I sideboard in 2 tutors, 1 Light of Day, 1 Thran Lens, 1 COP: Black and a Splinter and we start again. Game two Richard puts a Skirge out whilst I cast another BOP then a Trellis. I fetch a Light of Day and play it. A few turns later I start Elder beatdown. Richard manages to cast a Thran Lens, which I then Disenchant.
It was at this point I realised the Lens wasn’t that good in the match up. I wasted a sideboard slot with a Lens when the black players have them ANYWAY! I continued with the beatdown until Richard cast a second Thran Lens and hit me for three with a Skirge. In my turn I play an Uktabi Orangutan and get rid of it, and continue the beatdown with the Monkey and the Elder. A few turns later it’s all over.
Matches 5-2, Games 12-7: 15 points and 7th place.
My first top-eight for a while and with my own deck too. The deck performed better than I had hoped but there’s still room for improvement. The Monkeys in the main deck could be something more useful in more matchups. The Thran Lens can come straight out of the sideboard. The crop rotation didn’t help much and could be something more useful. The Wrath helped a couple of times, but so would a Wave and I wouldn’t loose all of my creatures. I’m not so sure about taking it out though, there’re too many decks it’s useful against.
Blastoderm is great, Boa is great, Elder is great. Trellis is OK and I only found myself wishing it was an elf a couple of times. Against Ponza it was invaluable, even if I did lose that match. Armageddon was FANTASTIC as ever, and won me many of the games throughout the day.
Tarik ID’d the last round and won the tournament on 19 points. Paul won his last game and came 8th with 14 points. That’s the first time the whole of our team in England has made the top-eight. We have an absent team member (Alan) who’ll be returning in a couple of months and he’s got a lot to live up to.

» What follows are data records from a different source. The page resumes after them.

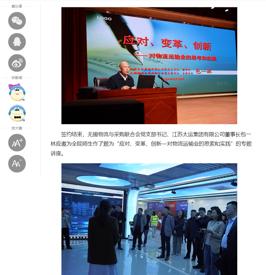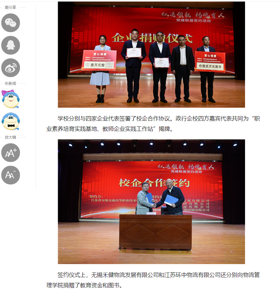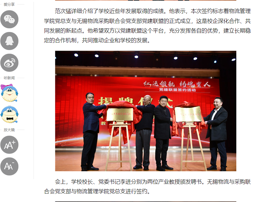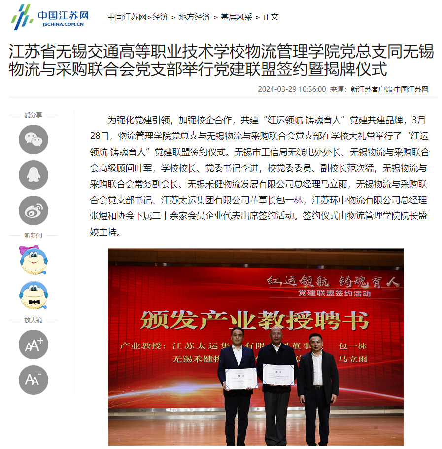 中江網(wǎng):江蘇省無(wú)錫交通高等職業(yè)技術(shù)學(xué)校物流管理學(xué)院黨總支同無(wú)錫物流與采購(gòu)聯(lián)合會(huì)黨支部舉行黨建聯(lián)盟簽約暨揭牌儀式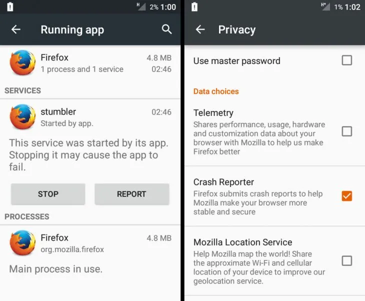 对于 Android 上的 Stumbler 服务,由于是一个服务(而不是进程),您可能无法在运行的进程/最近的应用程序列表中看到它。 因此,使用专用应用程序关闭它或启用“开发人员选项”,并转到“运行服务” -> 点击 Firefox,最后,停止“stumbler”。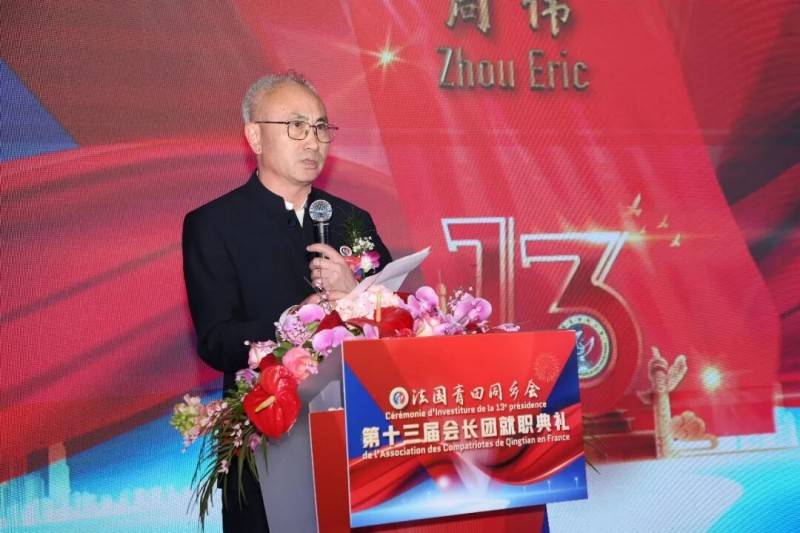 刚刚荣获法国国民议会勋章的新任会长周金伟在就职演讲中表示,三十八万青田儿女遍布全球,在欧洲扎根最深。我们以勤劳能干、重情尚义、团结互助而著称。成立于 1994 年的法国青田同乡会,始终秉持这份精神,团结近四万旅法乡亲,帮助大家在异乡站稳脚跟,同时心系故土,支持家乡建设,亲历了华侨华人在法兰西大地奋斗创业的历程。法国青田同乡会的发展史,正是海外青田人奋斗史的一个缩影。我在同乡会这个大家庭里已走过近三十载春秋。这近三十年的陪伴与坚守,让我对乡情有了更深的眷恋,对责任有了更深的敬畏,也让我更加坚定了与大家携手前行的信念。乡情,是我们共同的根;担当,是我们共同的誓言。只要我们团结一致、脚踏实地,法国青田同乡会一定能够在新时代稳步前行、再创辉煌。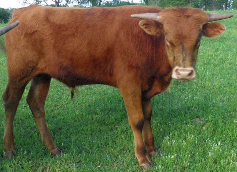 Drag is the son of Drag Iron, his dam is a lateral twisty horn cow that is Owen Mcgill bred. Really starting to Brindle out.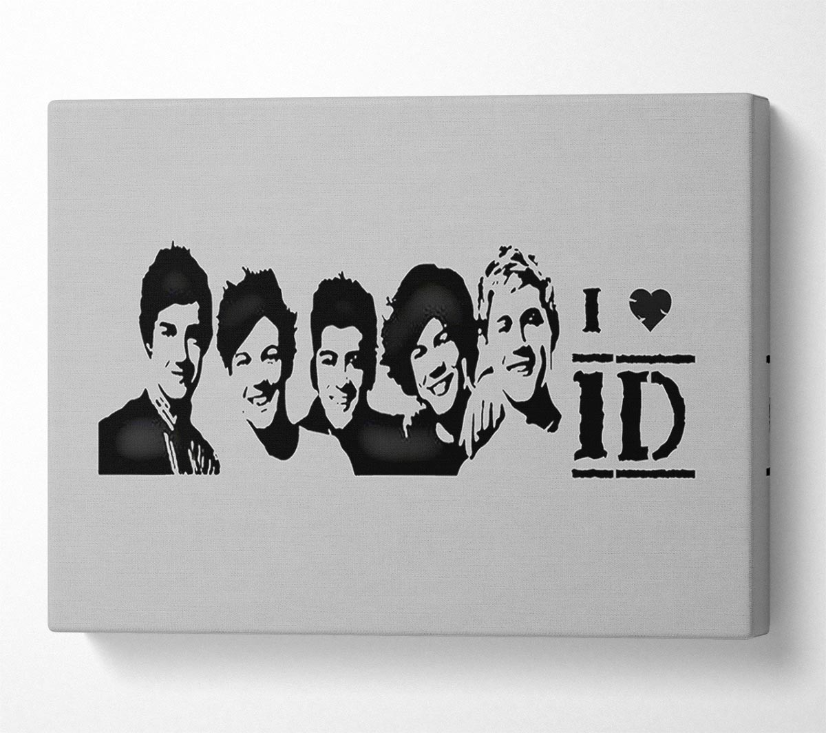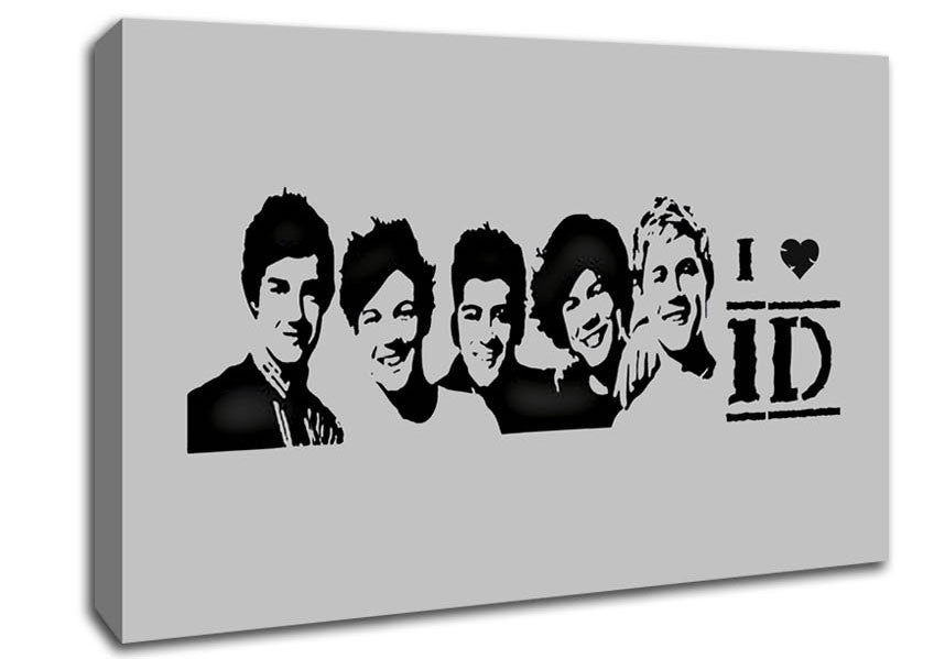 Music Quote I Love 1 Direction Grey Canvas Print handmade in the UK. Stretched over a 2 inch thick wooden box frame, ready to hang on your wall.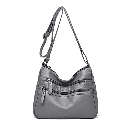 Porrasso dam axelväska multiväska axelväska läder vattentät handväska axelväska för arbete resor shopping dagligt bruk, GRÅ, L, Vintage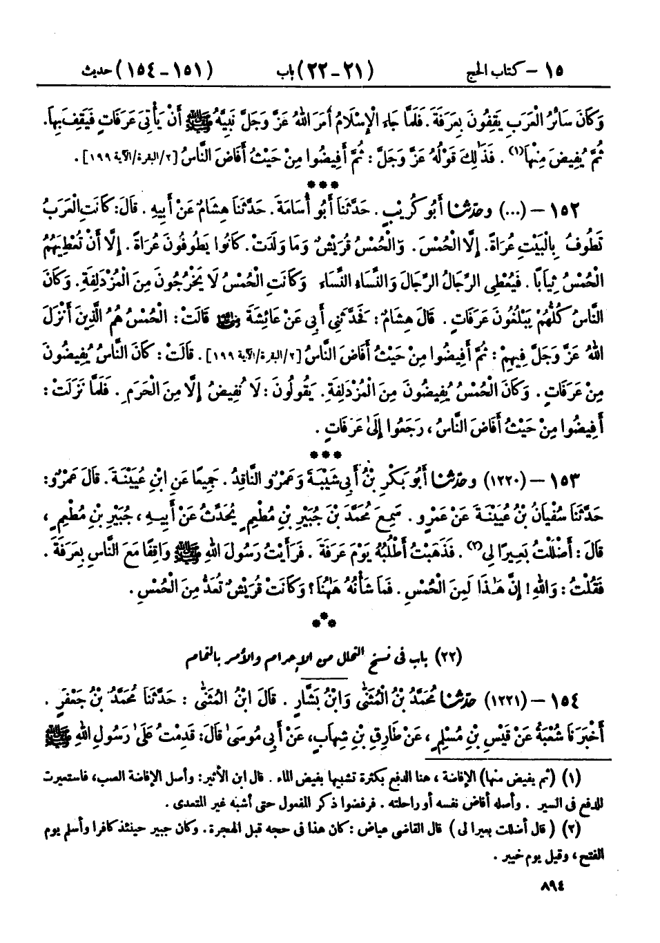 152 - (1219) وحَدَّثَنَا أَبُو كُرَيْبٍ، حَدَّثَنَا أَبُو أُسَامَةَ، حَدَّثَنَا هِشَامٌ، عَنْ أَبِيهِ، قَالَ: كَانَتِ الْعَرَبُ تَطُوفُ بِالْبَيْتِ عُرَاةً، إِلَّا الْحُمْسَ، وَالْحُمْسُ قُرَيْشٌ وَمَا وَلَدَتْ، كَانُوا يَطُوفُونَ عُرَاةً، إِلَّا أَنْ تُعْطِيَهُمُ الْحُمْسُ ثِيَابًا، فَيُعْطِي الرِّجَالُ الرِّجَالَ، وَالنِّسَاءُ النِّسَاءَ، وَكَانَتِ الْحُمْسُ لَا يَخْرُجُونَ مِنَ الْمُزْدَلِفَةِ، وَكَانَ النَّاسُ كُلُّهُمْ يَبْلُغُونَ عَرَفَاتٍ، قَالَ هِشَامٌ: فَحَدَّثَنِي أَبِي، عَنْ عَائِشَةَ رَضِيَ اللهُ عَنْهَا، قَالَتْ: " §الْحُمْسُ هُمُ الَّذِينَ أَنْزَلَ اللهُ عَزَّ وَجَلَّ فِيهِمْ: {ثُمَّ أَفِيضُوا مِنْ حَيْثُ أَفَاضَ النَّاسُ} [البقرة: 199] قَالَتْ: كَانَ النَّاسُ يُفِيضُونَ مِنْ عَرَفَاتٍ، وَكَانَ الْحُمْسُ يُفِيضُونَ مِنَ الْمُزْدَلِفَةِ، يَقُولُونَ: لَا نُفِيضُ إِلَّا مِنَ الْحَرَمِ، فَلَمَّا نَزَلَتْ: {أَفِيضُوا مِنْ حَيْثُ أَفَاضَ النَّاسُ} [البقرة: 199] رَجَعُوا إِلَى عَرَفَاتٍ "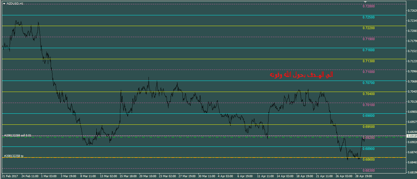 سأدخل بيع هدفي الاول (0.68600) بحول الله وقوته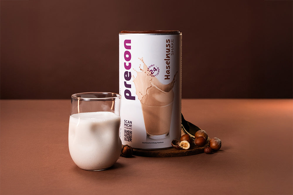 Ein cremiges Glas Precon Haselnuss-Shake steht neben seinem Behälter auf einer braunen, mit Haselnüssen bestreuten Fläche vor einem Hintergrund mit warmem Braun.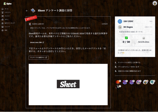 ELSOUL LABO B.V. (エルソウルラボ、本社: オランダ・アムステルダム、代表取締役 CEO: 川崎文武)および、同社の運営するオープンソース開発を応援する社会貢献型 Web3 ゲームの Epics DAO は、Solana ブロックチェーン上に展開する Epics プラットフォームにて、クリプト・仮想通貨によるインセンティブを通じてグローバルに協力して仕事ができるという新たなバウンティプログラムの開始を発表しました。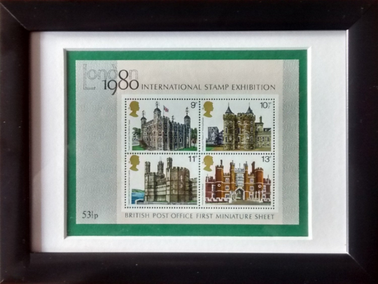 The stamps themselves were first issued in I978 (as shown in the second image). The miniature sheet shown framed was issued in 1980 and was the very first miniature sheet to be produced in the UK. Today a miniature sheet is issued with virtually every new set of stamps so this one is something special.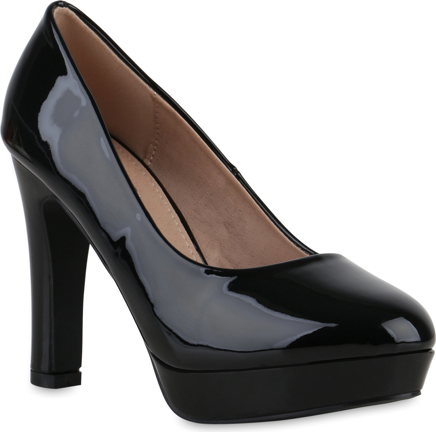 VAN HILL 840023 Pumps Damen Klassische Pumps Stiletto Plateau Vorne Lack (schwarz)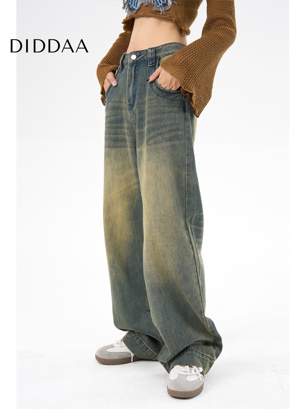 Blue High Waist Wide Leg Jeans Women AGUA Retro Style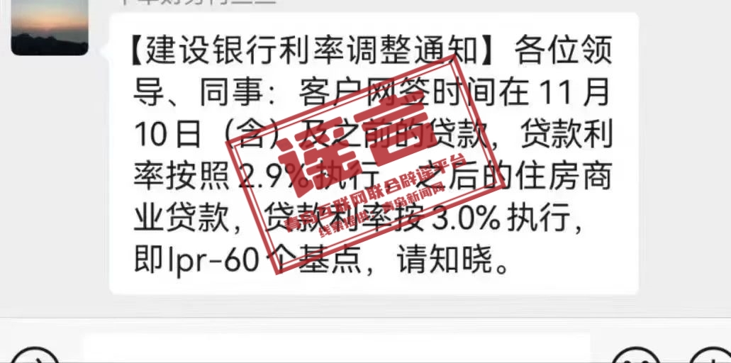 在青島的微信朋友圈、微信群中,一張微信對話截圖流傳,內(nèi)容是“【建設(shè)銀行利率調(diào)整通知】各位領(lǐng)導(dǎo)、同事:客戶網(wǎng)簽時間在11月10日(含)及之前的貸款,貸款利率按照 2.9%執(zhí)行,之后的住房商業(yè)貸款,貸款利率按 3.0%執(zhí)行,即lpr-60個基點,請知曉。”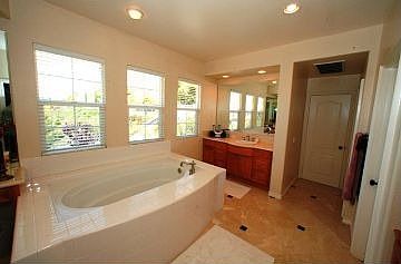 Private cul-de-sac street. Fantastic floorplan with kid’s computer station, bonus room, spacious gourmet kitchen with stainless steel appliances, large island eating area and open to the family room. Beautiful maple wood cabinets throughout the home and 16" tile floors with designer mosaic inlay and granite inlays. Each bedroom has a bathroom with marble counter tops and tile floors. The master bathroom has marble floors, marble counters, 2 vanities, his and her closets and an oversized shower with dual heads. The spacious bonus room has a balcony and plenty of room for pool table or whatever your needs. The adjacent computer station is equipped with all the wiring and work space necessary for the kids to do their homework. There is a downstairs bedroom suite tucked away for privacy. The downstairs office has French doors leading to the private courtyard with fountain. Fireplaces in the family room, living room, office and even an outdoor fireplace for evening entertaining. This home is located in one of San Diego's Blue Ribbon award winning top school districts including La Costa Canyon High School. Plenty of parks nearby as well as just a few miles to some of North County's most popular beaches. Low HOA fees and Mello Roos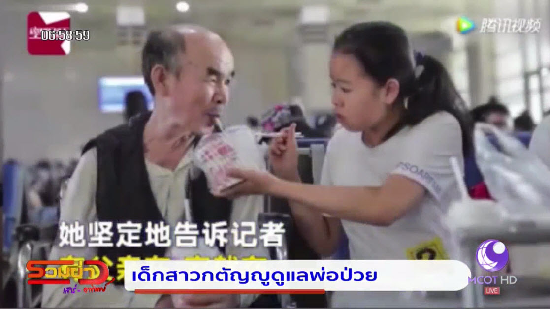 จีน 23 ก.ย.-สื่อมวลชนจีนนำเสนอเรื่องราวของเด็กสาวกตัญญูสอบเข้ามหาวิทยาลัยเรียนปี 1 ได้ แต่ต้องดูแลพ่อที่ป่วยจากอาการทางสมอง มหาวิทยาลัยจึงอนุญาตพิเศษให้พาพ่อมาพักหอพักมหาวิทยาลัยได้ด้วยฟรี

Andy won his last game and finished with 11 points. He was happy with the deck but we need to put more effort into testing. He wasn’t happy with the Rebel match ups, as they always go so slowly. He also thought the deck needed some way to draw a few more cards like Brainstorm or perhaps even Saprazzan Heir or one or two Stroke of Geniuses. Either way it’s a deck we need to put a lot more work into before it starts to be a Fish deck to be really scared of.
As ever, comments are very welcome especially about the latest versions of Blastogeddon and Parallax Fish (a name I may have to change as there are now no main deck Parallax Tide). Hopefully some of this will help you building your own versions of the decks, and I’d be grateful for any insights you have into any particularly good or bad match ups, especially if you’ve found a killer card that helps Merfolk against Rebel decks.